Unsupervised Machine Learning Flashcards
What is unsupervised learning?
This is used when we do not have a target/y in our dataset and we need our machine to learn patterns in the data on its own
What is Kmeans clustering?
Randomly chooses k points to start as our clusters centers (commonly called centoids)
What is explanatory k means
What is Hierarchical Clustering?
Hierarchical Clustering is another way to Clustering our data into different groups
What is Divisive Clustering?
The is a top-down approach, starts with all data in one cluster and split data into more based on similar traits
What is Agglomerative Clustering?
This is a bottom-up approach, starts with each data point in its own cluster, from there we group clusters together until we have one
What is DBSCAN?
DBSCAN (Density-Based Spatial Clustering of Applications with Noise) is an algorithm used for clustering
How effective is DBSCAN?
this is a useful algorithm to group high density clusters together, while ignoring data points that may not fit together “called noise”

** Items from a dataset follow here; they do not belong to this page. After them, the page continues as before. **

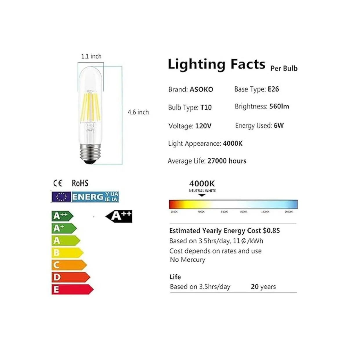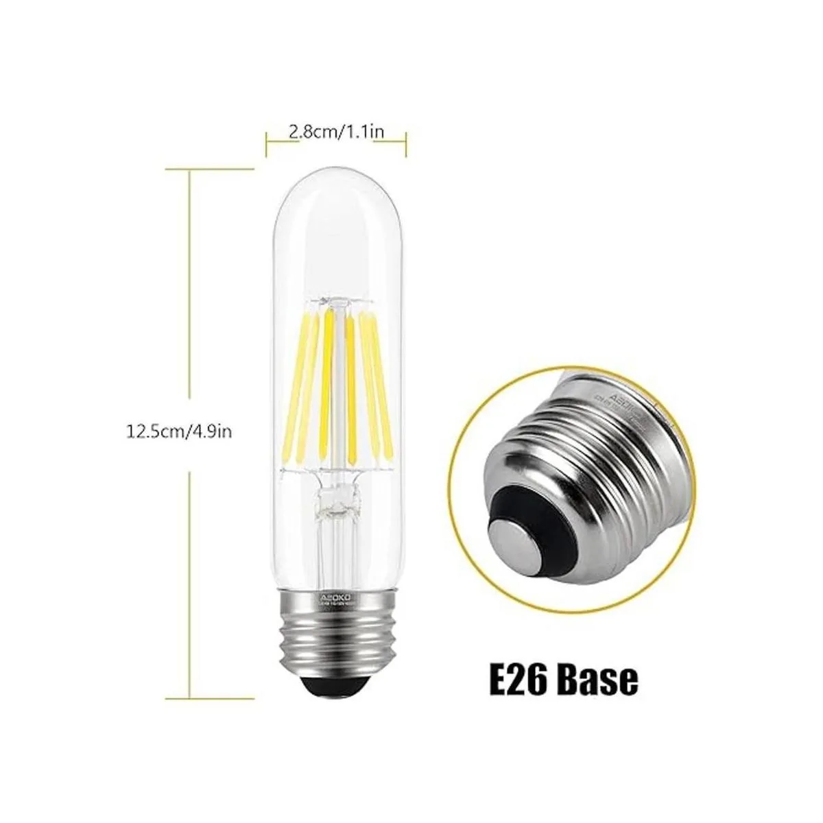 Bombillas E26 T10 de luz blanca de día de 6 W, bombilla Edison T10 regulable de 60 vatios 4000 K, bombillas tubulares LED de base E26, tubo ASOKO Bombilla LED vintage Edison para lámpara de escritorio, luces colgantes, hogar paquete de 3
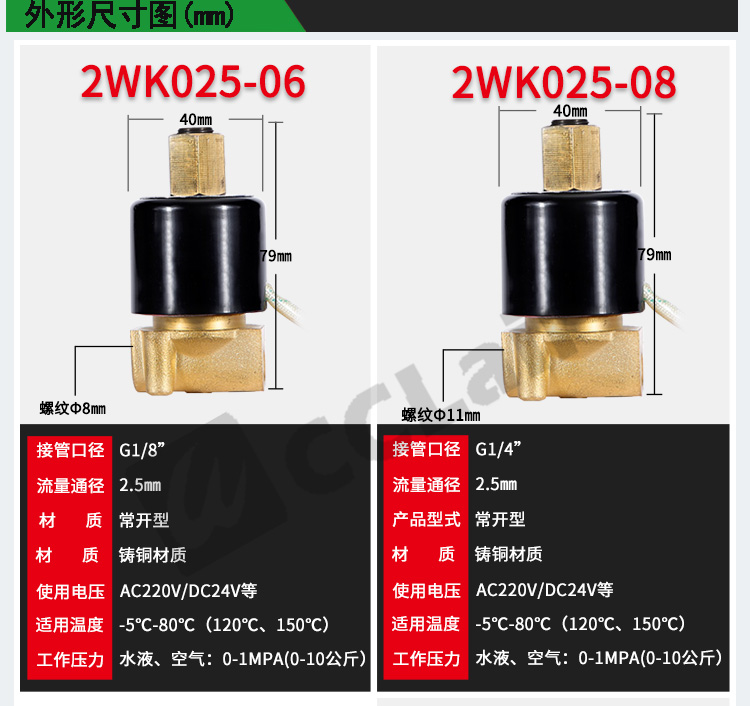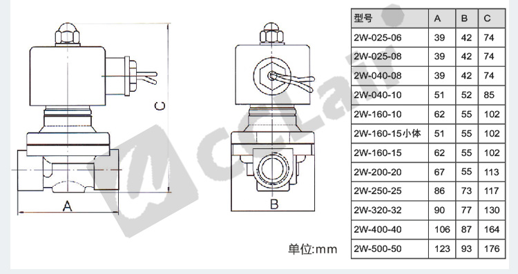 型號: 2W025-06,2W025-08,2W040-10,2W160-15,2W200-20,2W250-25,2W350-35,2W400-40,2W500-50,2W025-06V ,2W025-08
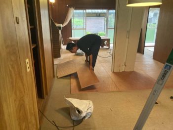 先日、楽待の取材を受けた岐阜市の空き家のLDK床を貼っています。
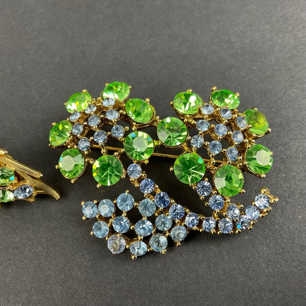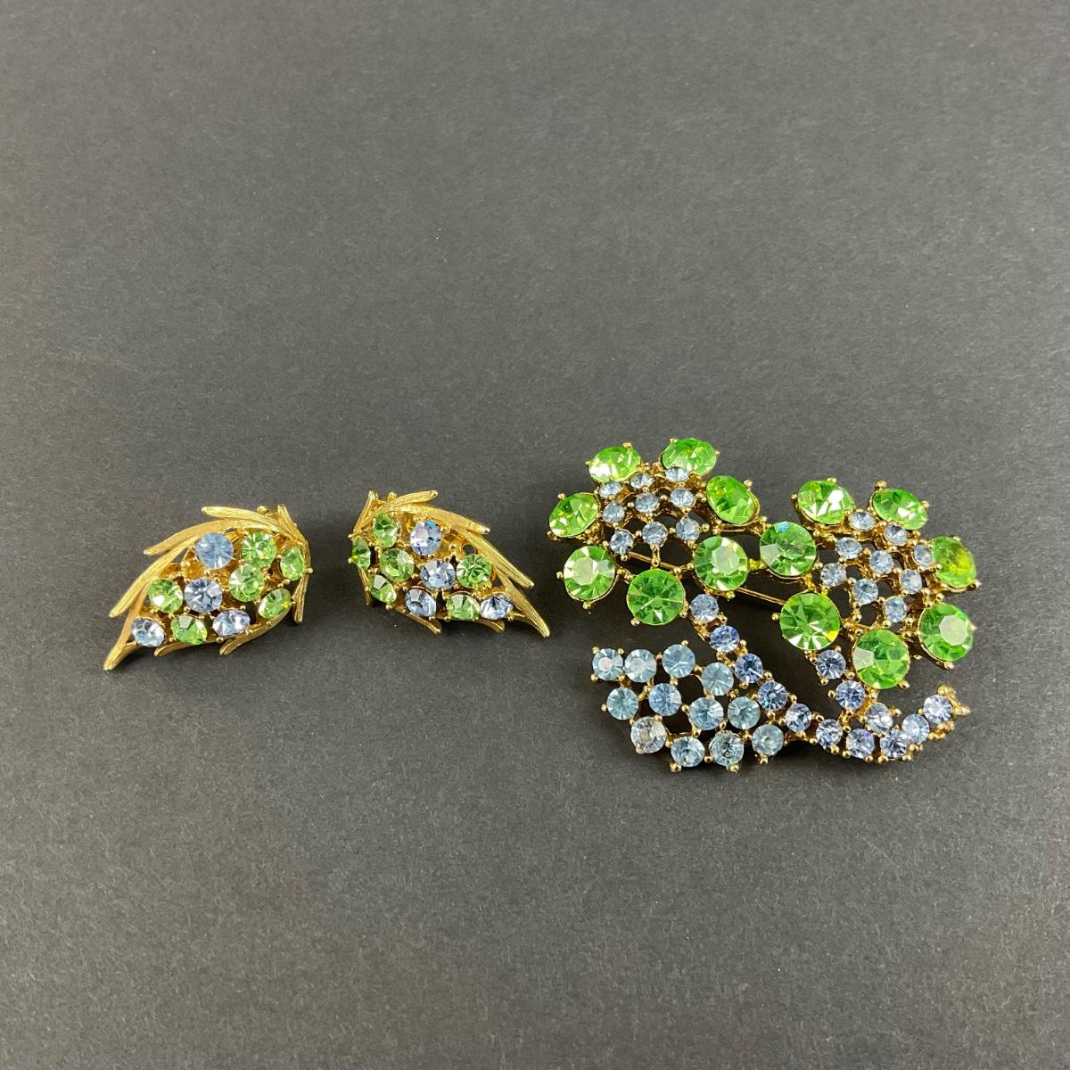 -196- LISNER | Uranium | Green & Blue Rhinestone Brooch & Earrings | Marked
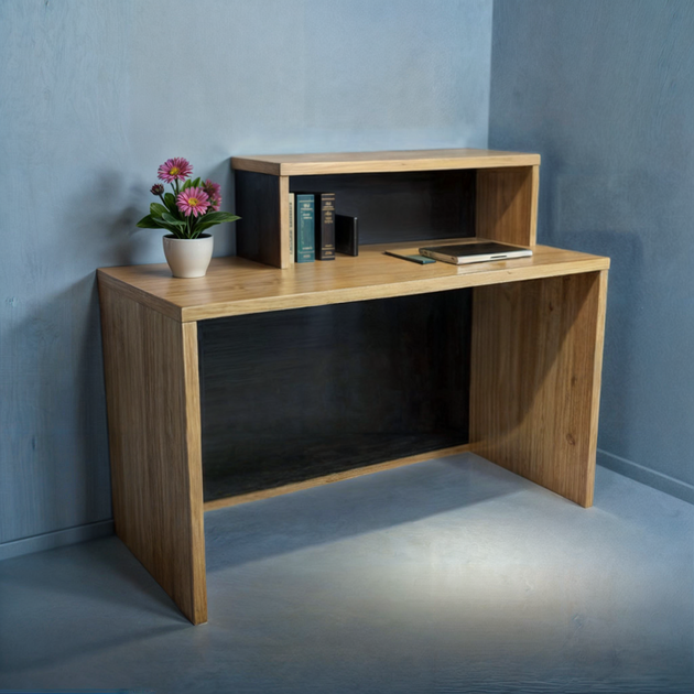 Стійка адміністратора пряма Tobi Sho Ресепшн/4 лівостороння для офісу, салону з підсвічуванням, 1400х600х1050 Дуб крафт біли
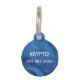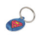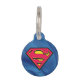 Eine abgeschrägte Version des klassischen Supermann S-Schild Logos auf einer blauen Gewebebeschaffenheit.
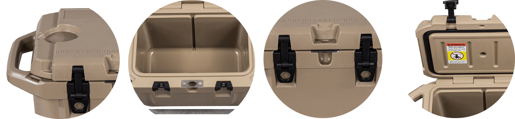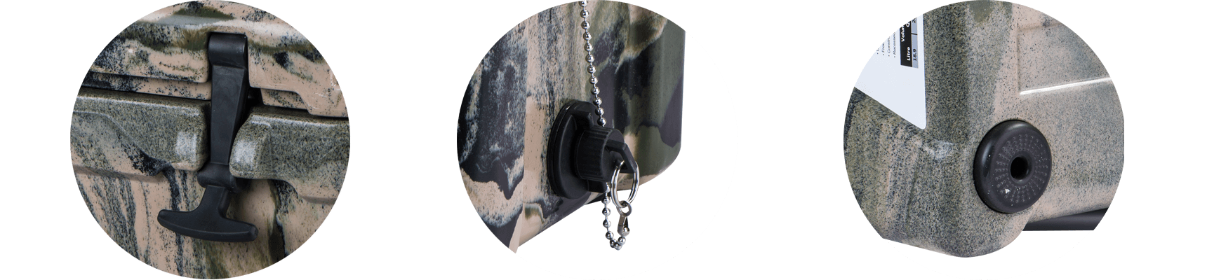The useful measurement scale on the top of the lid is a handy feature for fisherman. Recessed drain plug.

What is Dimensionality Reduction?
Dimensionality reduction refers to any technique where we try to reduce the feature space we are working with.
What are the two types of dimensionality reduction?
Feature selection and feature extraction
What is Feature selection?
Choosing only the most important features in your final model and leave out the features not important to the model
What is feature Extraction?
Feature extraction refers to techniques where you take all of your features and combine the in certain ways to reduce them into lower dimensions?
What can you use pca for?
You can use PCA to speed up a supervised machine learning even though PCA itself is an unsupervised machine learning task.
What is Feature Engineering?
Feature engineering is when you add or modify features to your data. Pca is one example of feature engineering.
How to overload in pandas?
Pandas will overload the + sign to concatenate two string columns.